Nevertheless, even separating the training and test set in terms of sentence length is not enough for effective probing of concrete concepts. We find that regardless of whether we use random embeddings or the actual text embeddings, the classifier always achieves perfect performance on the test set. The absence of difference in performance prohibits us from concluding whether the embedding models encode information about concrete concepts to different extent. This is likely due to the fact that the prediction of concrete concepts may rely solely on the presence of certain words, which is a simple task and can be fully captured by even random embeddings. We therefore decided to increase the difficulty of the probing task for concrete concepts. Specifically, we made the classifier predict for a survey question its similar concrete concept (such as “the importance of achievement” and “the importance of success”) (which we define in Sect. 4.2.1), while ensuring that the training set and the test set have not seen the exact same concrete concepts.

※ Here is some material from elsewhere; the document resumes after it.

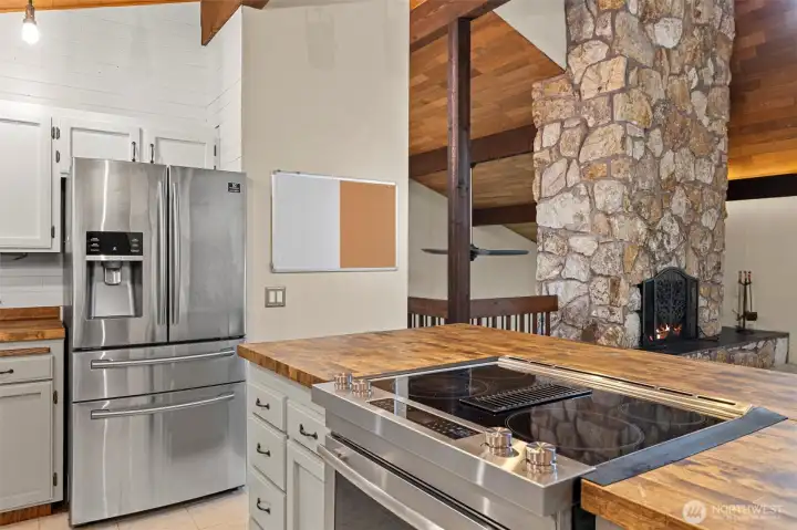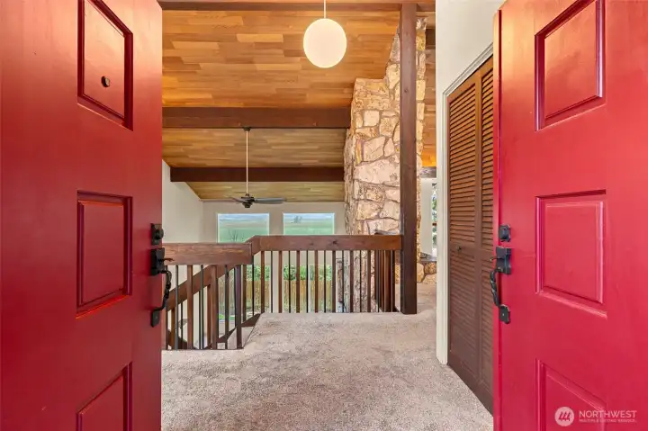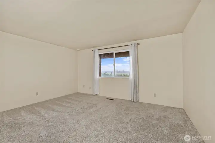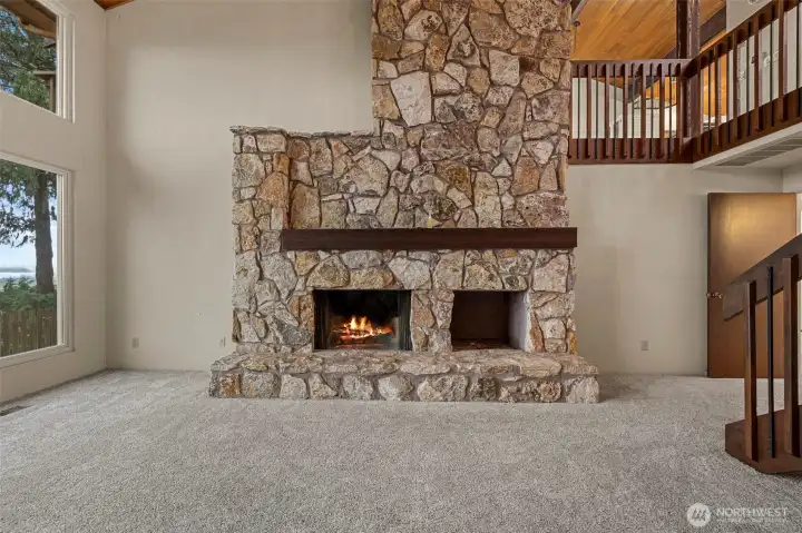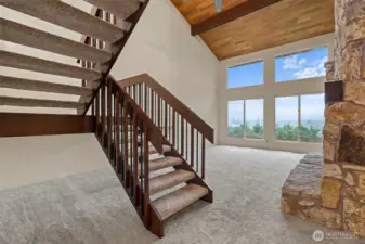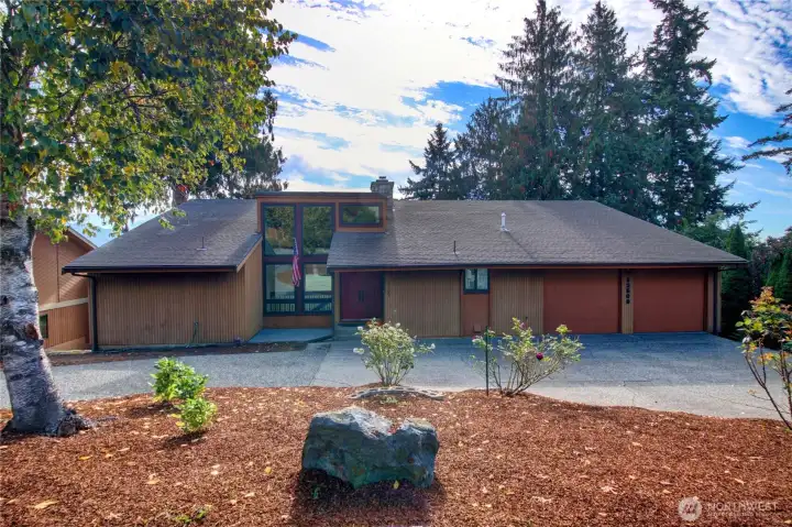 Perched above Skagit Valley farmland and adjacent to the golf & country club, this beautiful home offers panoramic views of North Cascades, sunrise skies, and migrating snow geese. The main level features vaulted cedar ceilings, a dual-sided stone fireplace, and a remodeled kitchen with butcher block counters and stainless steel appliances. Enjoy morning coffee or entertaining guests on the refinished deck overlooking the fields, gardens, fruit trees, and chicken coop. The lower level includes two bedrooms, an office, and family room with walk-out access. New Andersen windows (2025), newer HVAC with AC, and a fully fenced yard complete this serene retreat.

Using the probing approaches above, if we observe any positive difference between the performance of the probing classifier and that of the baseline using random embeddings, we can more confidently attribute it to the relevant survey question property being encoded in the text embeddings (on top of simple word-level information). In this way, we can learn about whether one text embedding model encodes more information about a property than does another model.

4.4.2 Results

Table 3 summarises the performance of the probing classifier (multinomial logistic regression) across different embedding models. The baseline classification accuracy scores are based on simple majority voting, random embeddings of three dimension sizes, two simple count-based text representation approaches: term-frequency (TF) and term frequency-inverse document frequency (TF-IDF).

If the classifier performs better on a particular type of text embeddings than on the random embedding baselines for a survey question property, we can conclude that the corresponding text embeddings of survey questions likely encode information about that property.

For sentence length, we see that the BERT-based and the USE embeddings perform better than all the baselines, which suggests that they likely encode information about sentence length. Among them, both original BERT models have better performance than any of the Sentence-BERT models.

For basic concepts, none of the pretrained text embeddings seems able to beat the performance of the baseline random embeddings, TF and TF-IDF vectors. The fact that all text embeddings (including the random embeddings) have similar performance and perform better than the simple majority baseline suggests that only simple word-level information could be used by the classifier. A possible explanation is that the basic concepts as defined by [50] are too abstract information which are not explicitly encoded in the embeddings.

As for concrete concepts, all types of pretrained text embeddings perform better than the baselines. This suggests that text embeddings likely encode information about concrete concepts of survey questions. We also see that both Sentence-BERT embeddings (0.916 and 0.929) show better performance than do the original BERT embeddings (0.815 and 0.739). Furthermore, USE (0.903) and GloVe (0.908) have similarly good performance.

Lastly, we can see that random embeddings themselves can already achieve good prediction on the types of formulation, likely because single words are indicative of formulation. This holds true also for TF and TF-IDF. The random embeddings even outperform fastText and GloVe, despite the margin being relatively small. The original BERT representations, like with sentence length, perform the best again, suggesting that they encode sentence-level information about formulation. Both Sentence-BERT models and USE also perform better than the random baselines, however, only to a much smaller margin.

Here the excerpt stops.